Now you will have to wait for our server to calculate.(this can take up to a few hours for very large sequences).

The result will be sent back to your internet browser in the form of a GIF image (default), a plain text or a coloured html page. You will be able to change the colours, font size, line size etc. and even the consensus levels (see Presentation options for details).

The procedure is the same as for the MultAlin set-up, just use the pop up menus and type in text or numbers where required. When ready click on the "Apply Changes" button. The new image will appear shortly after. (only the image is changed, no realignment is done)

On your result page, you can add a sequence to the alignment. This sequence will be aligned with your already aligned sequences and you'll get a new result page, with the new sequence placed beside its more similar sequence. For this step, MultAlin performs an optimal alignment of the new sequence and the block of the already aligned sequences: the result can be different if you directly ask for an alignment of all the sequences in the first form.

Paste your new sequence in the rectangle aera in Fasta/Multalin format (i.e. one line with a beginning '>' for the sequence name, and other lines with rhe sequence itself). Click on the "Apply Changes" button when ready.

Input formats

MultAlin-Fasta - GenBank - EMBL-SwissProt - (click here for samples)

MultAlin-Fasta

The MultAlin format is similar to Fasta. Sequences can be interrupted by spaces or digits not taken into account (see samples in MultAlin and pure Fasta formats)

        > SeqName the sequence name is the
        > first word of the first comment line 
        > max: 8 letters 
        > comment lines begin with >
        AAAACCGTTAAA...
        > SeqNam2 the 2nd sequence beginning  
        > shows the end of the first one 
        AAACCTGGAC...

GenBank

        LOCUS      SeqName  
        any lines  
        ORIGIN     anything              
        1 aggtcccttt tgtgttgttt

The sequence name is the first word after the LOCUS key-word. The sequence begins on the line following the ORIGIN key-word. The next sequence information begins with the LOCUS key-word. See sample.

EMBL-SwissProt

        ID   SeqName  
        any lines 
        SQ   anything  
        aauccagug gagaucaaag          
        any sequence lines  
        //

The sequence name is the first word after the ID key-word. The sequence begins on the line following the SQ key-word. The next sequence information begins on the line following // See sample.

Output format

The sequence alignment will be displayed as:

a coloured image
a GIF image is loaded as any image. Click the image button if you have not selected the "automatically load images". The GIF image that you will see is configurable. You can change the colours of comment text, font size, background colour, high and low consensus colours and the neutral colour.
a plain text
it is the fastest way if you have problem loading images or large html pages.
a coloured html text
this html page uses a style sheet, so you must select the "Enable style sheets" option of your browser. The Html page that you will see is configurable. You can change background colour, high and low consensus colours and the neutral colour. To change the font size, use your browser Preferences.

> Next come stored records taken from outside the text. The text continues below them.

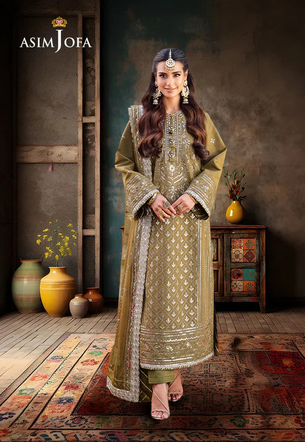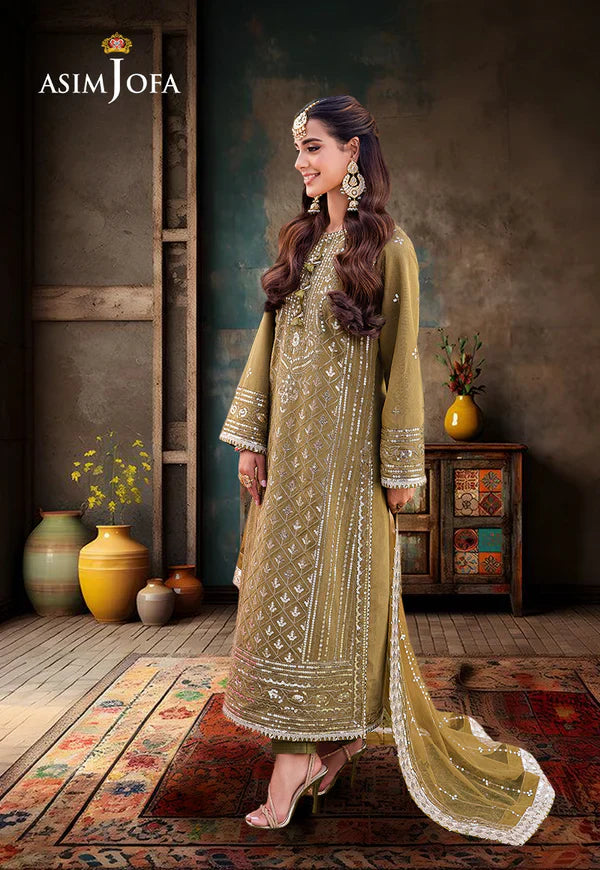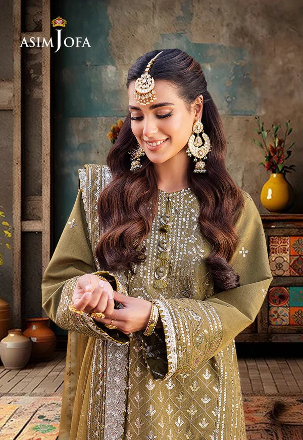 Celebrate the essence of festivity with Asim Jofa’s “Jag Mag Collection”. This outfit is adorned with two-toned gold zari and shimmering light gold sequins and embodies the spirit of joyous celebration. The intricate embroidery creates a mesmerizing pattern exuding timeless elegance. Paired with a matching dupatta that continues the theme of luxurious embroidery, this ensemble ensures you stand out in any crowd. Illuminate every festivity in this radiant outfit that redefines semi-formal wear.
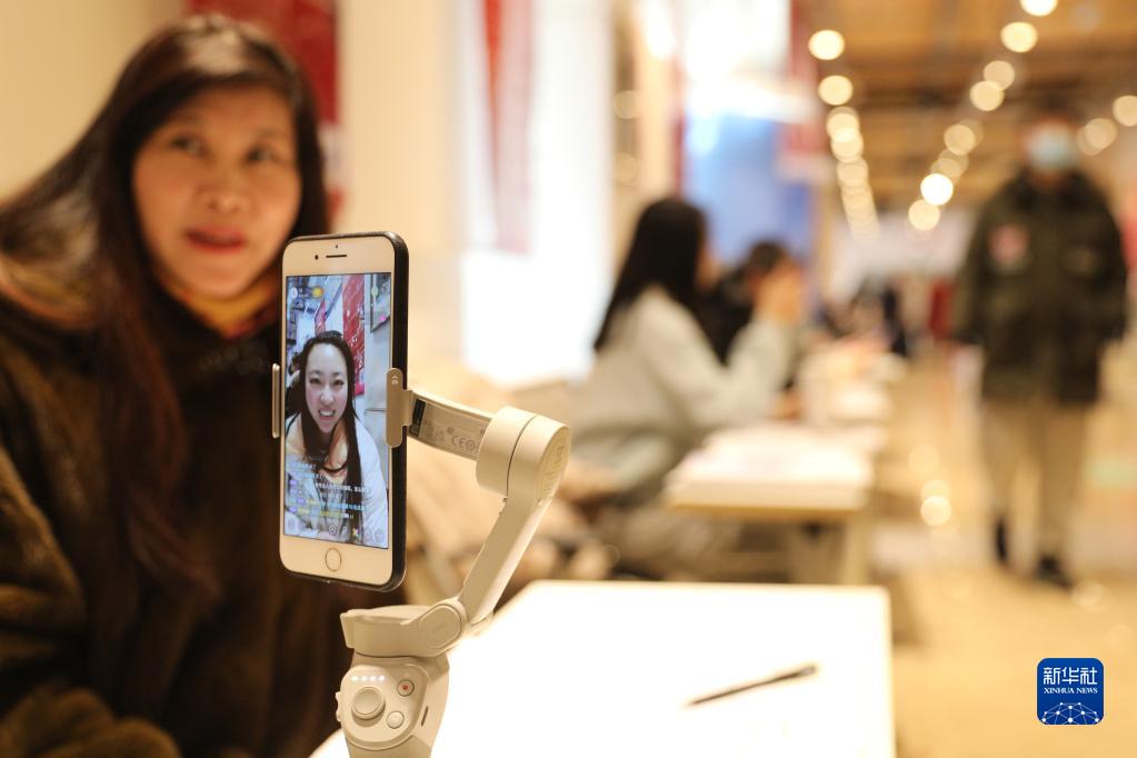 2月7日,在招聘會現場,企業招聘人員進行網上崗位推薦。
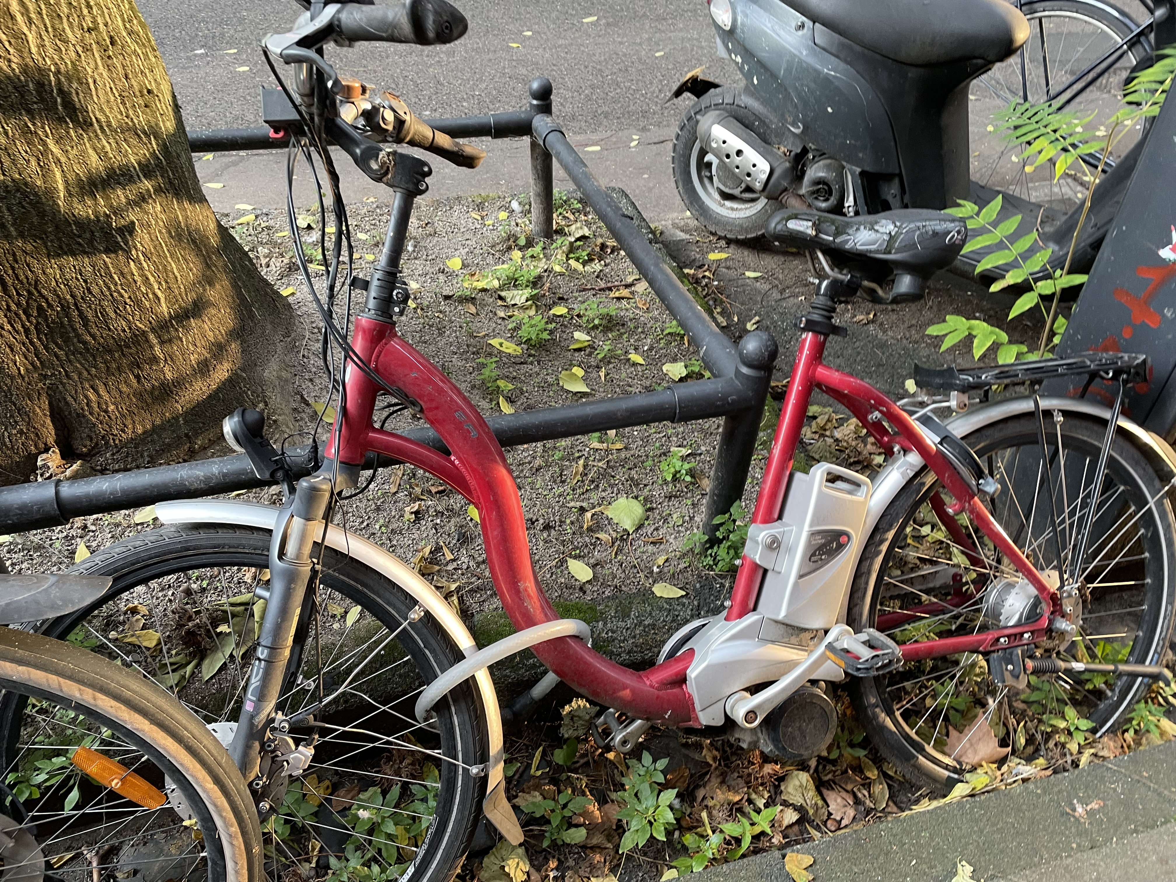 Neben dem roten Fahrrad befindet sich ein schwarzer Motorroller. Beide werden offensichtlich nicht mehr genutzt und versperren Parkplatz und vermüllen.

In any case you can adjust the consensus levels.

Available files

Just underneath you will be able to see the input sequence file, the cluster file, the alignment in fasta or msf format plain text, the alignment in msf format with colour indications as a coded text, an html text or a gif image.

Any of these files can be saved to your local disk, simply using your WWW browser. The plain texts can be viewed, edited or printed with any text editor, the Html page and the GIF image, with your browser or a text processor that allows these formats.

To translate the colour indications of the coded text to true colours, you can use Microsoft Word and the MultAlin macro (FTP multalin.dot and save to disk even if you see odd characters on your browser) as follow:

Open your .doc file with Microsoft Word (File/Open)
Change the templates (File/Models... or Tools/Models..., Link..., search the disk to 
 select multalin.dot, Open)
Run MultAlin Macro (Tools/Macro..., select MultAlin, Run)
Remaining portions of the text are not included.